## Problem requirements
Repeat only the lines below that run from the line with "Vuelca la masa" to the line with "Мягкий, нежный с", ends included; skip every picture.

## Records provided
____

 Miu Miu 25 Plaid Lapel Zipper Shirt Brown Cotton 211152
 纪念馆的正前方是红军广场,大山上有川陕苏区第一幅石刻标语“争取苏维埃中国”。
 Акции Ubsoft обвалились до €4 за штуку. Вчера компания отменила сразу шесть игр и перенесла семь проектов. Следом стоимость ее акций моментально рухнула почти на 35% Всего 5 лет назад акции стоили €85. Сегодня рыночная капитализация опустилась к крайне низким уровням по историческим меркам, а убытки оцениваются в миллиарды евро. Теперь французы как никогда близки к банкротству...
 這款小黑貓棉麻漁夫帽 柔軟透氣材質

____

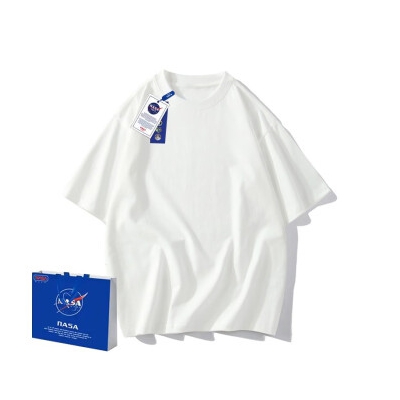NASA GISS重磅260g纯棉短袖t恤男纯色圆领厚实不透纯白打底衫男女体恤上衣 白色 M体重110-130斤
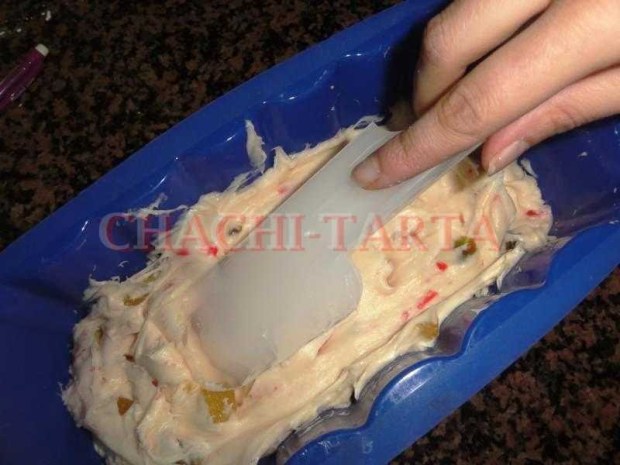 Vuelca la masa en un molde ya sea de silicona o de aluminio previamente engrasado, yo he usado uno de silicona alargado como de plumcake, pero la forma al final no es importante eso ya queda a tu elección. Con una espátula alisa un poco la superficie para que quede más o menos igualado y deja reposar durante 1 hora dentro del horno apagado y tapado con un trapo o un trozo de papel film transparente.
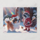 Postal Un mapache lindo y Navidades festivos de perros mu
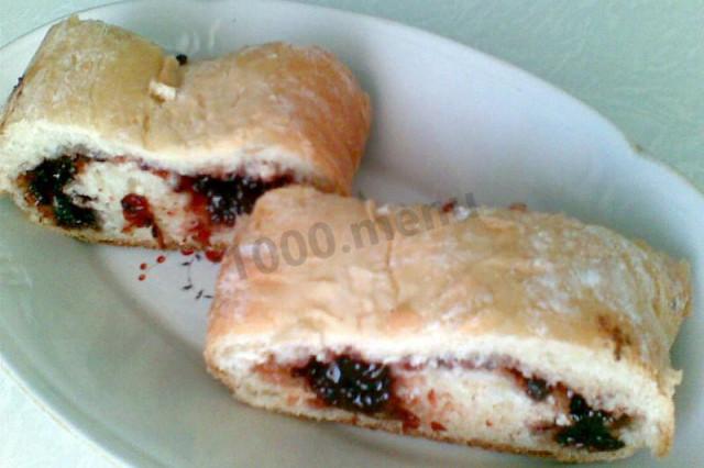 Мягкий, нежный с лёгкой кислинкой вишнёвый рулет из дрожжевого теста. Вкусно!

____

## Problem solution
 Vuelca la masa en un molde ya sea de silicona o de aluminio previamente engrasado, yo he usado uno de silicona alargado como de plumcake, pero la forma al final no es importante eso ya queda a tu elección. Con una espátula alisa un poco la superficie para que quede más o menos igualado y deja reposar durante 1 hora dentro del horno apagado y tapado con un trapo o un trozo de papel film transparente.
 Postal Un mapache lindo y Navidades festivos de perros mu
 Мягкий, нежный с лёгкой кислинкой вишнёвый рулет из дрожжевого теста. Вкусно!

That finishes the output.